Extraction of brain lysates.

Extraction of forebrains from male mice was performed as described previously (Kummer et al., 2011). Briefly, snap-frozen forebrain hemispheres were homogenized in PBS, and protein was extracted in RIPA (25 mm Tris-HCl, pH 7.5, 150 mm NaCl, 0.5% sodium desoxycholate, 1% NP-40, and 0.1% SDS). After centrifugation at 100,000 × g for 30 min at 4°C, the resulting supernatant (RIPA-soluble fraction) was saved, and the pellet was sonified in 25 mm Tris-HCl, pH 7.5, and 2% SDS (RIPA-insoluble fraction).

Synaptosomal preparation.

Forebrains of male mice were homogenized in 9 volumes of 0.32 m sucrose buffer (50 mm Tris acetate, 1 mm EDTA, 5 mm pyrophosphate, 5 mm NaF, 2 mm Na2VO4, 1 mm PMSF, and protease inhibitor mixture, pH 7.4) using a Teflon-glass homogenizer (0.15 mm clearance) at 700 rpm, and homogenates were centrifuged at 800 × g for 5 min.
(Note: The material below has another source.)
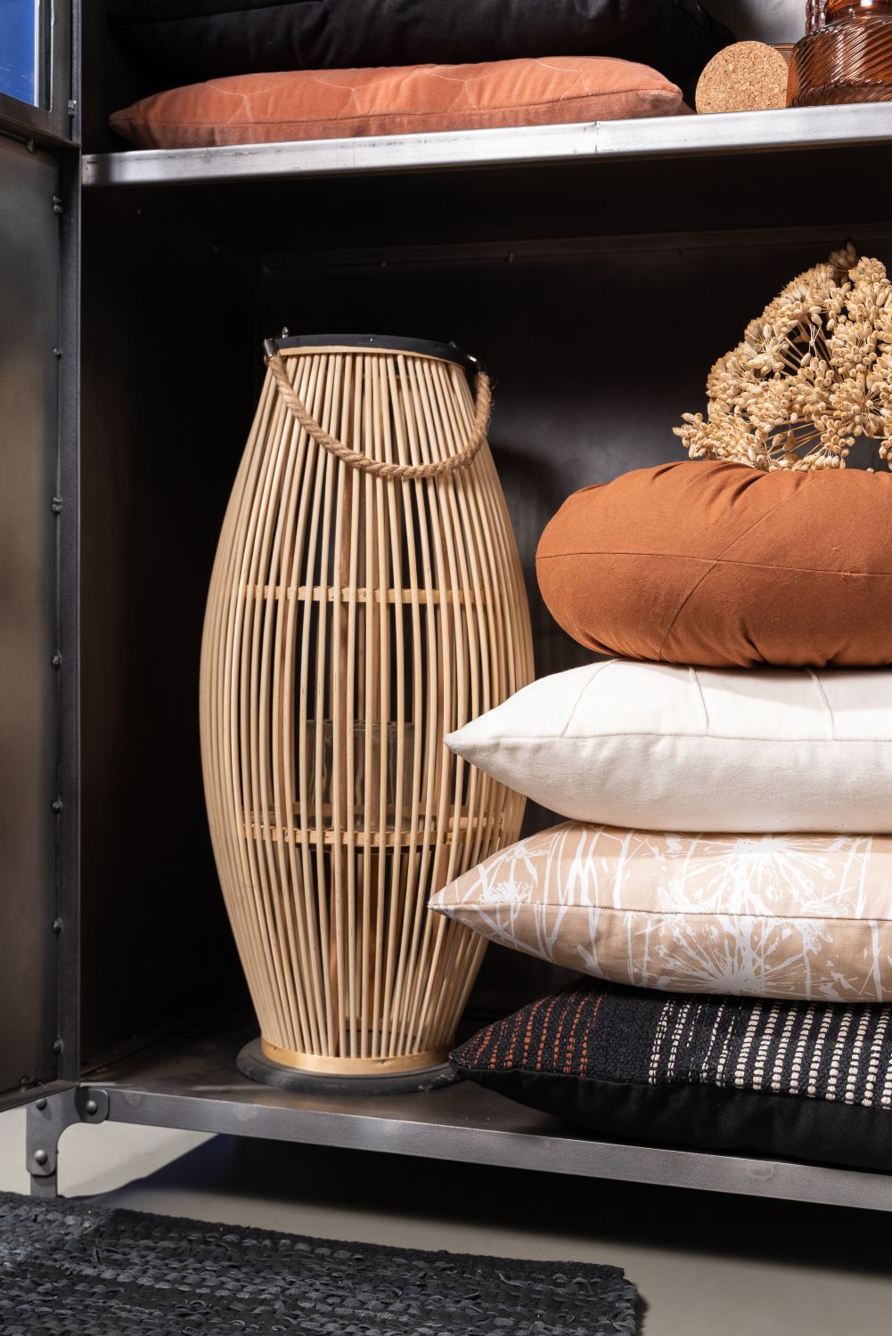 The wooden lantern KOLLINA in beige with handle is an eye-catching decorative accessory.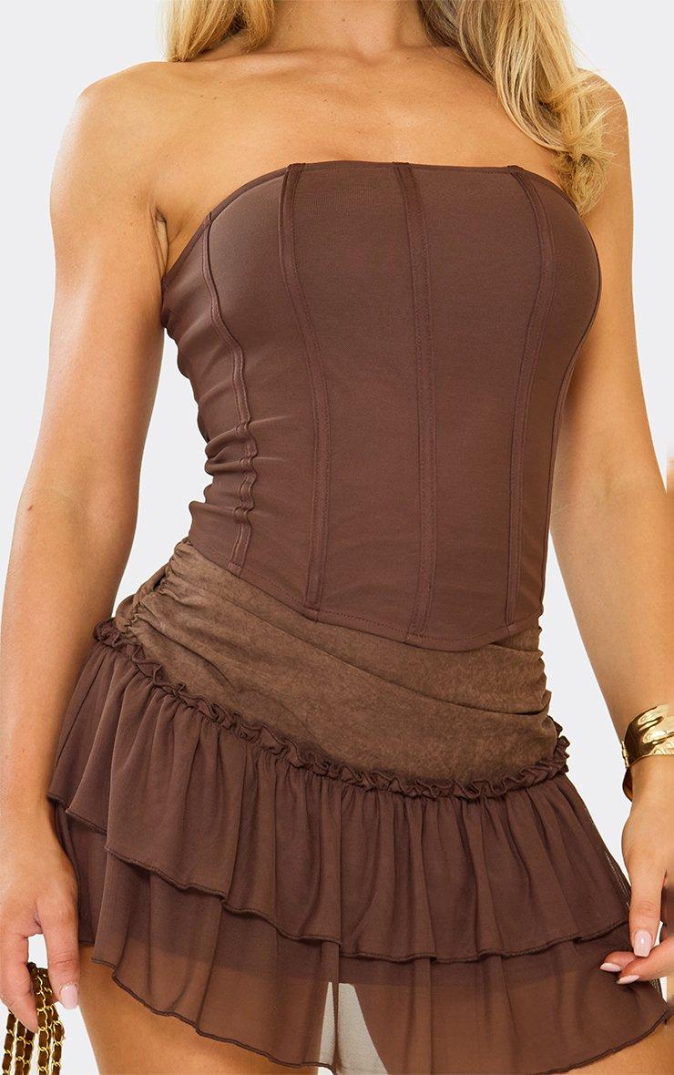 contrast waist frill detail mini skirt in chocolate brown

The supernatant was layered on a discontinuous sucrose density gradient consisting of 1.4 and 1.0 m sucrose and centrifuged at 54,000 × g for 90 min, and the synaptosomal fraction was recovered from the interface of the 1.4 m/1.0 m sucrose layers, diluted with H2O, and centrifuged at 17,000 × g for 15 min.

Western blot analysis of brain extracts and synaptosomal fractions.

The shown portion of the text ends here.